You may notice the use of for_each in main.tf. This is used to iterate over a collection, such as a map variable, to create multiple instances of a resource. Since for_each assigns unique keys to each element, that makes it easier to reference specific resources. For example, we provision a port on sharednet1 for each instance, but when we assign a floating IP, we can specifically refer to the port for “node1” with openstack_networking_port_v2.sharednet1_ports["node1"].id.

Terraform also supports outputs, which provide information about the infrastructure after deployment. For example, if we want to print a dynamically assigned floating IP after the infrastructure is deployed, we might put it in an output. This will save us from having to look it up in the Horizon GUI. You can see in outputs.tf that we do exactly this.

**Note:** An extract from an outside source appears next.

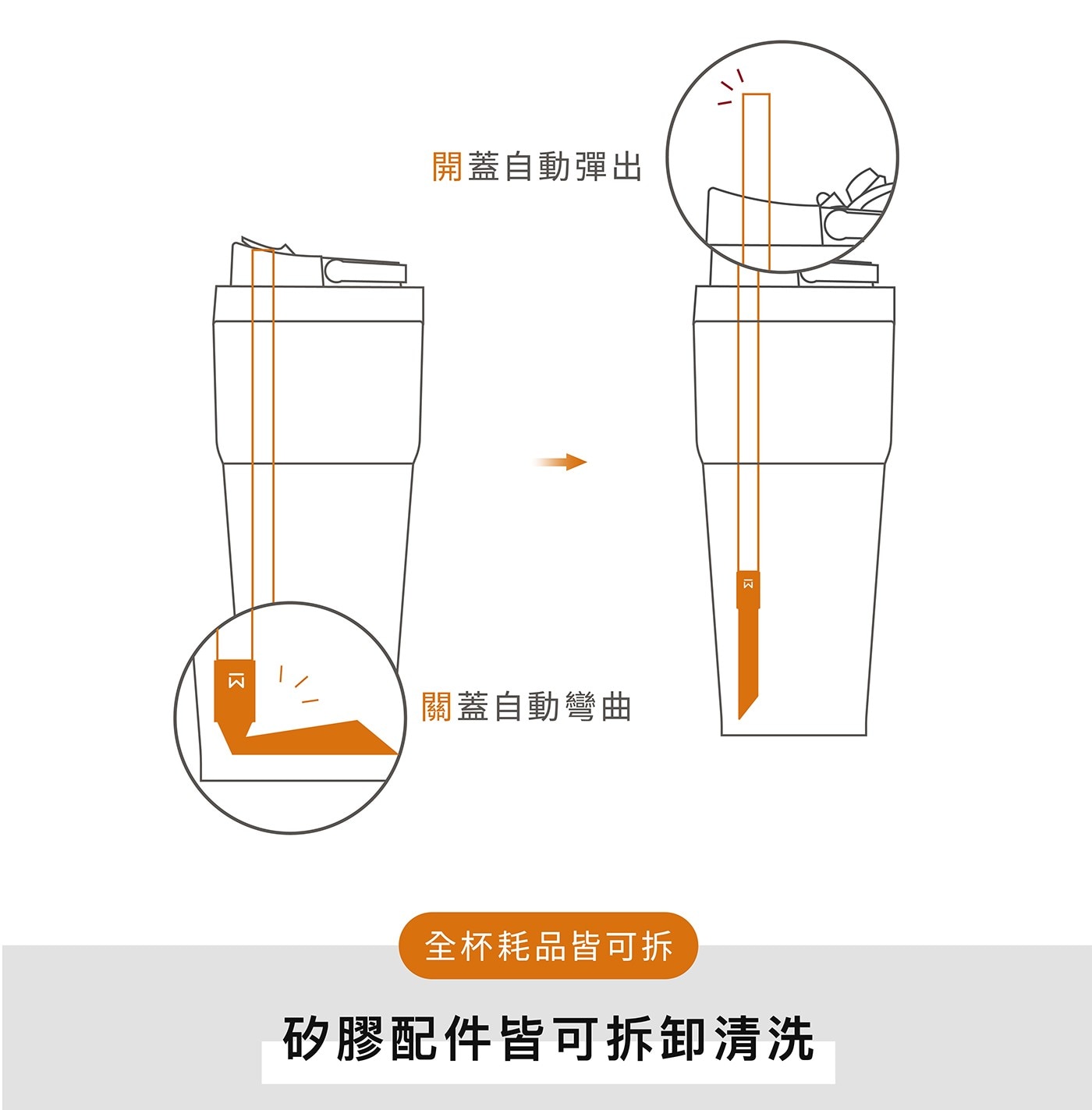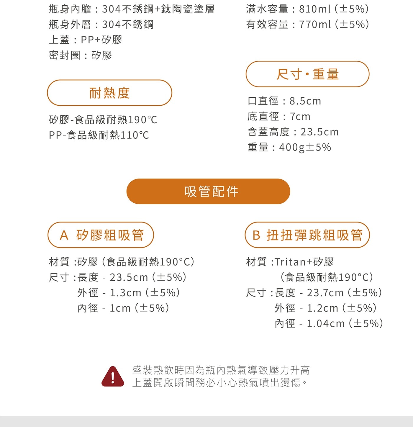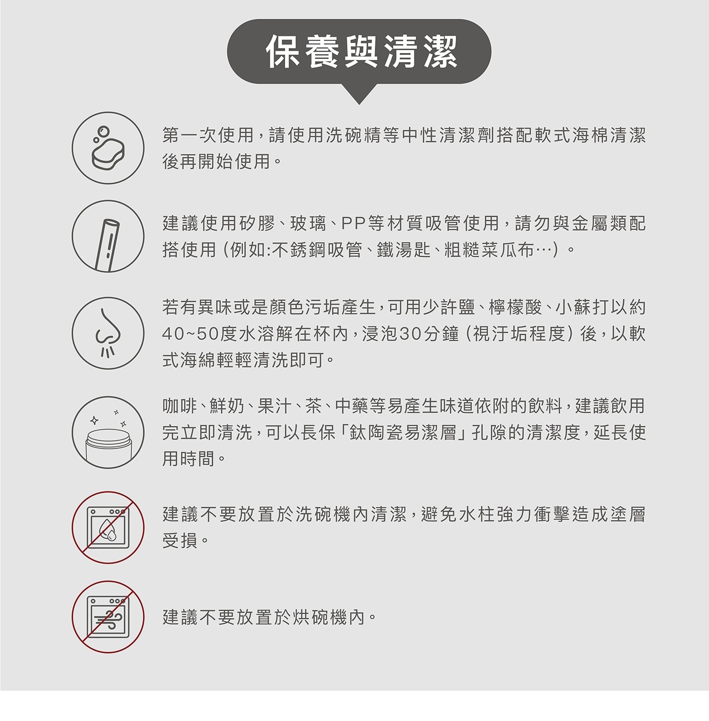| 注意事項 | 1. 請勿使用尖銳物品、鋼刷或菜瓜布等金屬類物品,避免造成易潔層損傷。 2. 請勿使用洗碗機或烘碗機清洗。 3. 不可水煮消毒避免杯蓋變形。 4. 建議水溫70度以下,避免燙傷。 5. 請勿傾倒入放包包,避免滲漏。 6. 請勿重摔,避免商品損壞以及影響保溫效果。 7. 供食品接觸用途。 8. 供重複使用。 |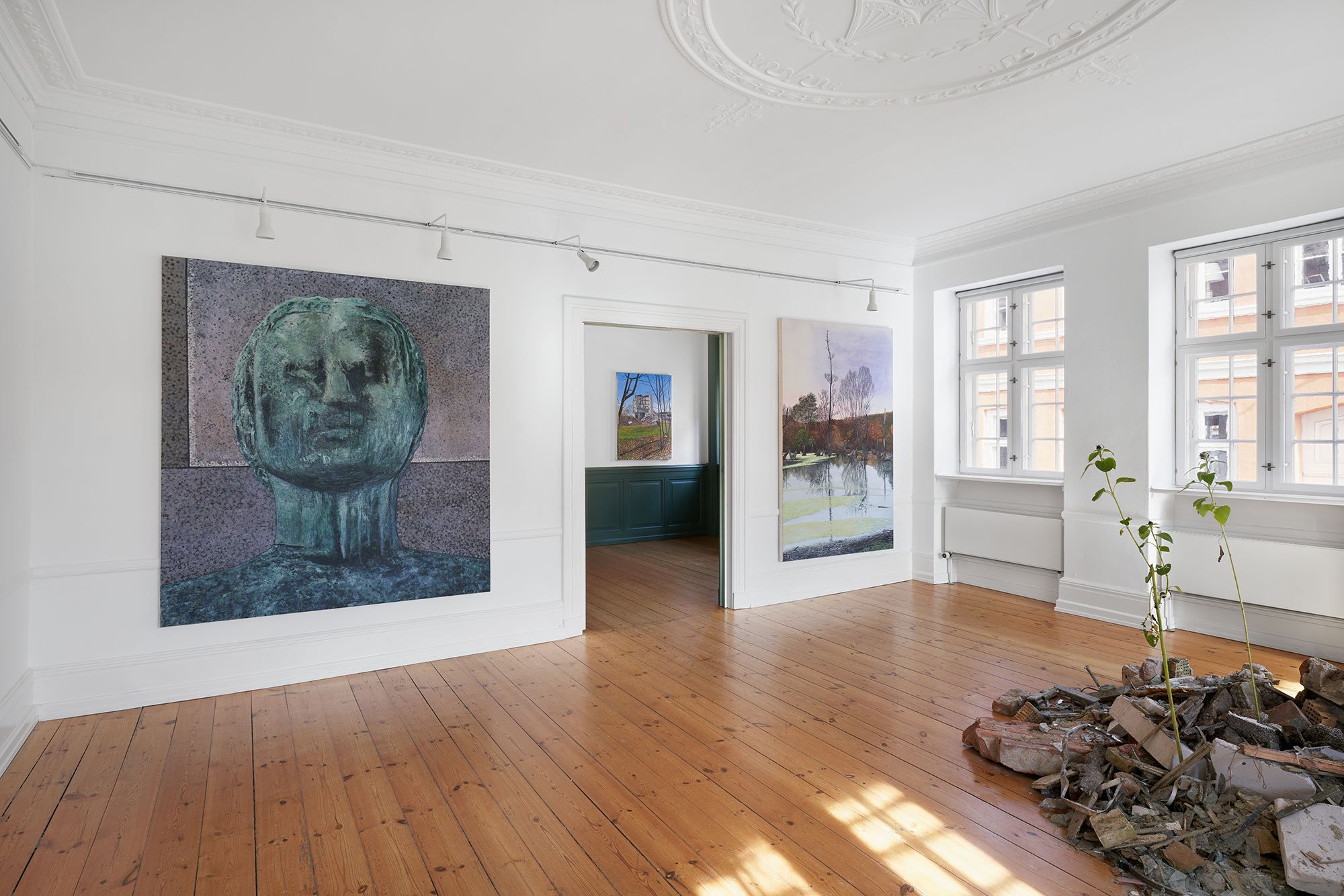 Installationsview m. Kvindehovede (Noack), 2020 + Izium, 2024 + Bog and Spine, 2021. Foto: Brian Kure

Terraform is declarative, not imperative, so we don’t need to write the exact steps needed to provision this infrastructure - Terraform will examine our configuration and figure out a plan to realize it.

Applying our Terraform configuration

First, we need Terraform to set up our working directory, make sure it has “provider” plugins to interact with our infrastructure provider (it will read in provider.tf to check), and set up storage for keeping track of the infrastructure state:

# runs in Chameleon Jupyter environment
terraform init

We need to set some variables. In our Terraform configuration, we define a variable named suffix that we will substitute with our own net ID, and then we use that variable inside the hostname of instances and the names of networks and other resources in main.tf, e.g. we name our network <pre>private-subnet-mlops-${var.suffix}</pre>. We’ll also use a variable to specify a key pair to install.

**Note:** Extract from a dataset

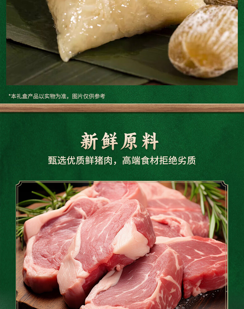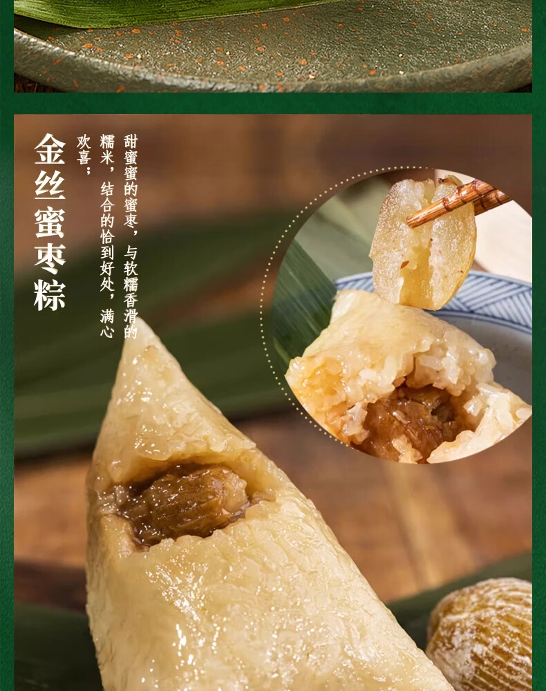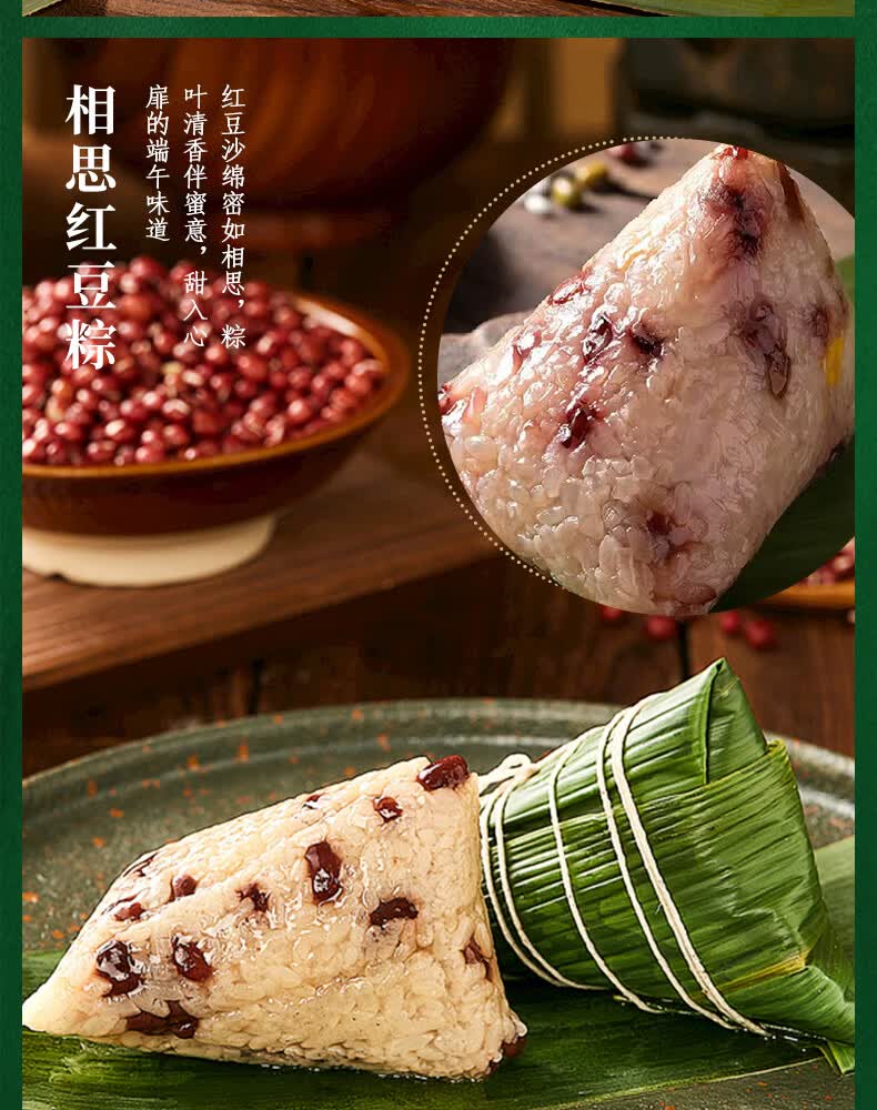 配置清单:经典鲜肉粽100g*2 蛋黄鲜肉粽100g*2 金丝蜜枣粽100g*2 相思红豆粽100g*2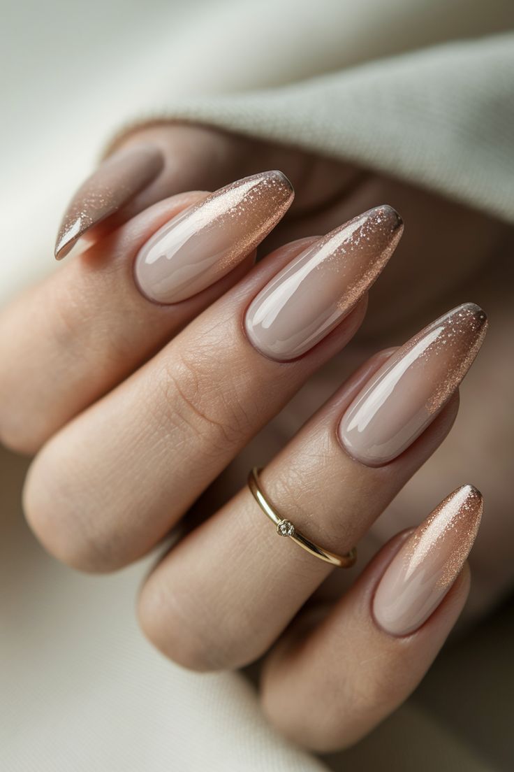 This look marries soft romance with festive energy — a warm berry tone fading into a soft nude, topped with a dusting of glitter right at the tips. The almond shape keeps it feminine and flattering for most hand shapes, especially if you want something versatile for both office wear and evening plans.

In the following cell, replace netID with your actual net ID, and replace id_rsa_chameleon with the name of your personal key that you use to access Chameleon resources.

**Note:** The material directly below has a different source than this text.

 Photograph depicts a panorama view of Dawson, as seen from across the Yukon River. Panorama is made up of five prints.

# runs in Chameleon Jupyter environment
export TF_VAR_suffix=netID
export TF_VAR_key=id_rsa_chameleon

We should confirm that our planned configuration is valid:

# runs in Chameleon Jupyter environment
terraform validate

Then, let’s preview the changes that Terraform will make to our infrastructure. In this stage, Terraform communicates with the cloud infrastructure provider to see what have already deployed and to

# runs in Chameleon Jupyter environment
terraform plan

Finally, we will apply those changes. (We need to add an -auto-approve argument because ordinarily, Terraform prompts the user to type “yes” to approve the changes it will make.)

# runs in Chameleon Jupyter environment
terraform apply -auto-approve

Make a note of the floating IP assigned to your instance, from the Terraform output.

From the KVM@TACC Horizon GUI, check the list of compute instances and find yours. Take a screenshot for later reference.

Changing our infrastructure

One especially nice thing about Terraform is that if we change our infrastructure definition, it can apply those changes without having to re-provision everything from scratch.

For example, suppose the physical node on which our “node3” VM becomes non-functional. To replace our “node3”, we can simply run

# runs in Chameleon Jupyter environment
terraform apply -replace='openstack_compute_instance_v2.nodes["node3"]' -auto-approve

Similarly, we could make changes to the infrastructure description in the main.tf file and then use terraform apply to update our cloud infrastructure. Terraform would determine which resources can be updated in place, which should be destroyed and recreated, and which should be left alone.

This declarative approach - where we define the desired end state and let the tool get there - is much more robust than imperative-style tools for deploying infrastructure (openstack CLI, python-chi Python API) (and certainly more robust than ClickOps!).

Practice using Ansible

Now that we have provisioned some infrastructure, we can configure and install software on it using Ansible!

Ansible is a tool for configuring systems by accessing them over SSH and running commands on them. The commands to run will be defined in advance in a series of playbooks, so that instead of using SSH directly and then running commands ourselves interactively, we can just execute a playbook to set up our systems.

First, let’s just practice using Ansible.

Preliminaries

As before, let’s make sure we’ll be able to use the Ansible executables. We need to put the install directory in the PATH inside each new Bash session.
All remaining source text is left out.